== Exercise aim ==
Reproduce only the lines below from the line containing "Папка для тетрадей" to the line containing "<コースメニュー:シグネチャーディッシュ「ゴミのスープ」など>", exactly as written, with both end lines kept. Omit the pictures.

== Exercise materials ==
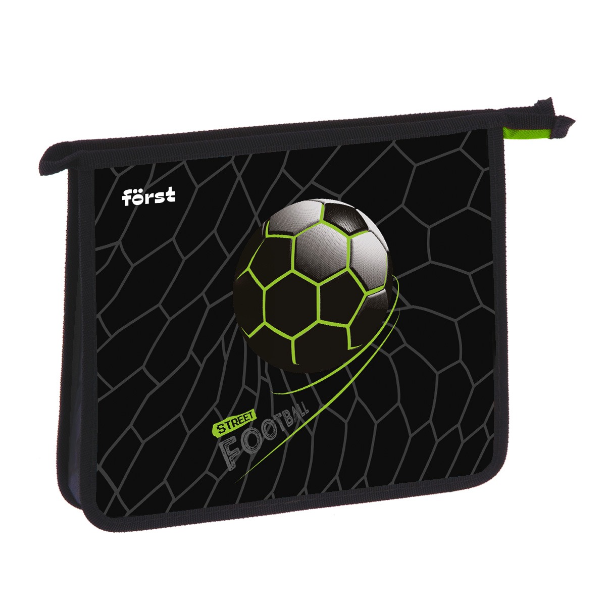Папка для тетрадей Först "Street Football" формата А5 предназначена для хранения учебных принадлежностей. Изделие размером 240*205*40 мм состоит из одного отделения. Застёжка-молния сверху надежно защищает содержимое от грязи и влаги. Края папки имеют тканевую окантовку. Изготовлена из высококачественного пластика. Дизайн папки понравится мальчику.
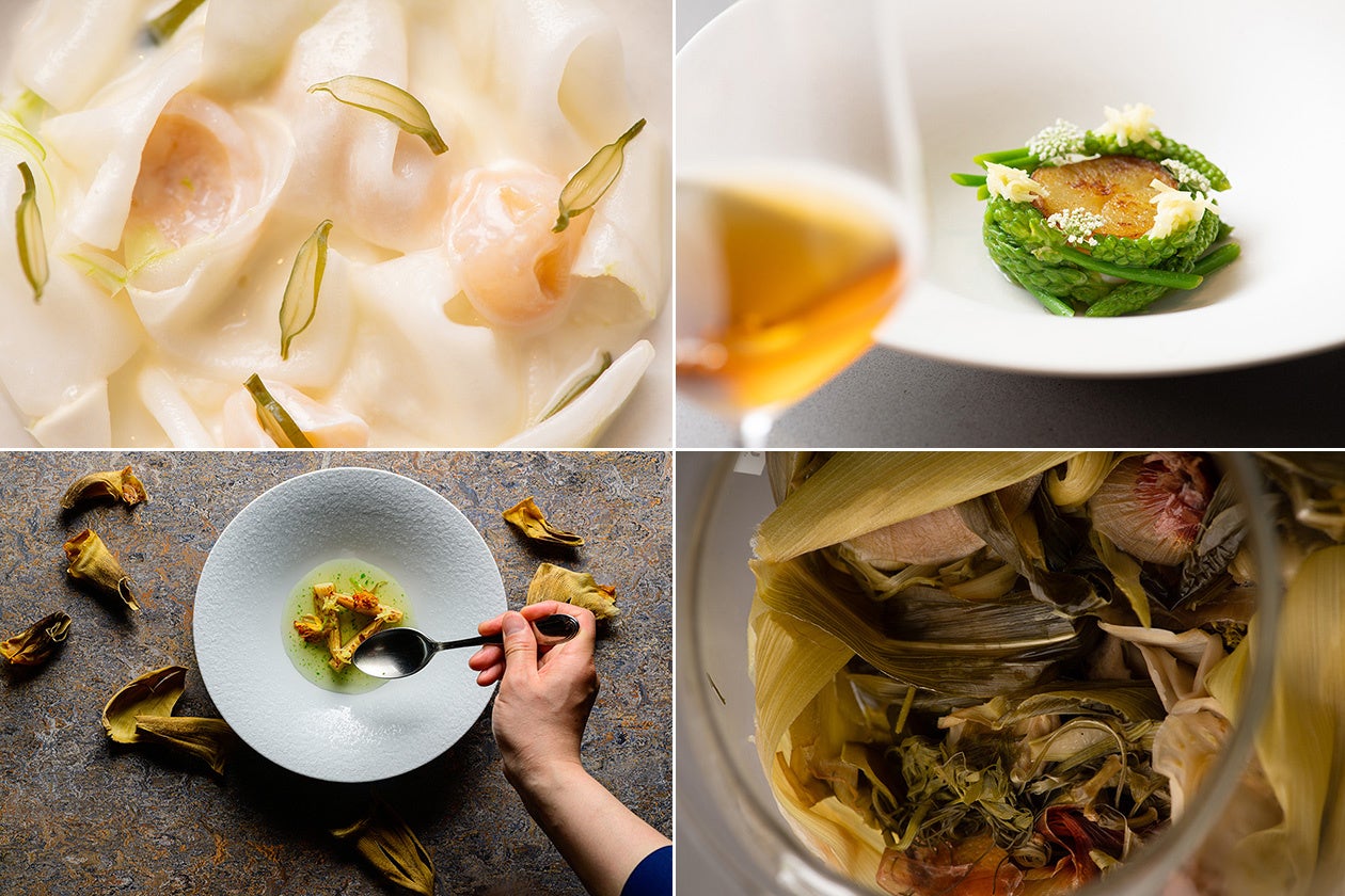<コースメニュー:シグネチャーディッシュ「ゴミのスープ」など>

...

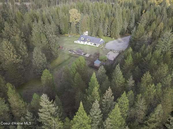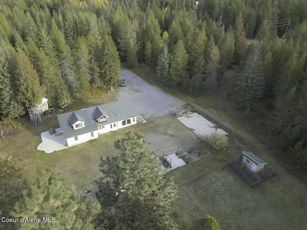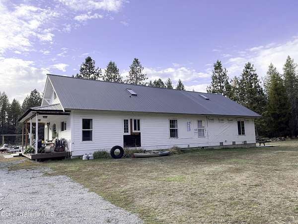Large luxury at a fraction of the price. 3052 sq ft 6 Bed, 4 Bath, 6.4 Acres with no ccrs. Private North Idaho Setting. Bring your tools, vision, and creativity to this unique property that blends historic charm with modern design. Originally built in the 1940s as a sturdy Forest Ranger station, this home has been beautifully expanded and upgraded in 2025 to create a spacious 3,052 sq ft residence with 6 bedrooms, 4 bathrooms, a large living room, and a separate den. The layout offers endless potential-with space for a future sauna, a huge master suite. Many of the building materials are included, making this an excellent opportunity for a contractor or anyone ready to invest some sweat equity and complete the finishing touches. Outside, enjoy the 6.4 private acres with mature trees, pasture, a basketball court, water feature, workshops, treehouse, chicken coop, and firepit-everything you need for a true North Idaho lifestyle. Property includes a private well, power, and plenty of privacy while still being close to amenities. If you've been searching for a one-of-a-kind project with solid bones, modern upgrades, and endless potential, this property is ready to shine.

== Task result ==
Папка для тетрадей Först "Street Football" формата А5 предназначена для хранения учебных принадлежностей. Изделие размером 240*205*40 мм состоит из одного отделения. Застёжка-молния сверху надежно защищает содержимое от грязи и влаги. Края папки имеют тканевую окантовку. Изготовлена из высококачественного пластика. Дизайн папки понравится мальчику.
<コースメニュー:シグネチャーディッシュ「ゴミのスープ」など>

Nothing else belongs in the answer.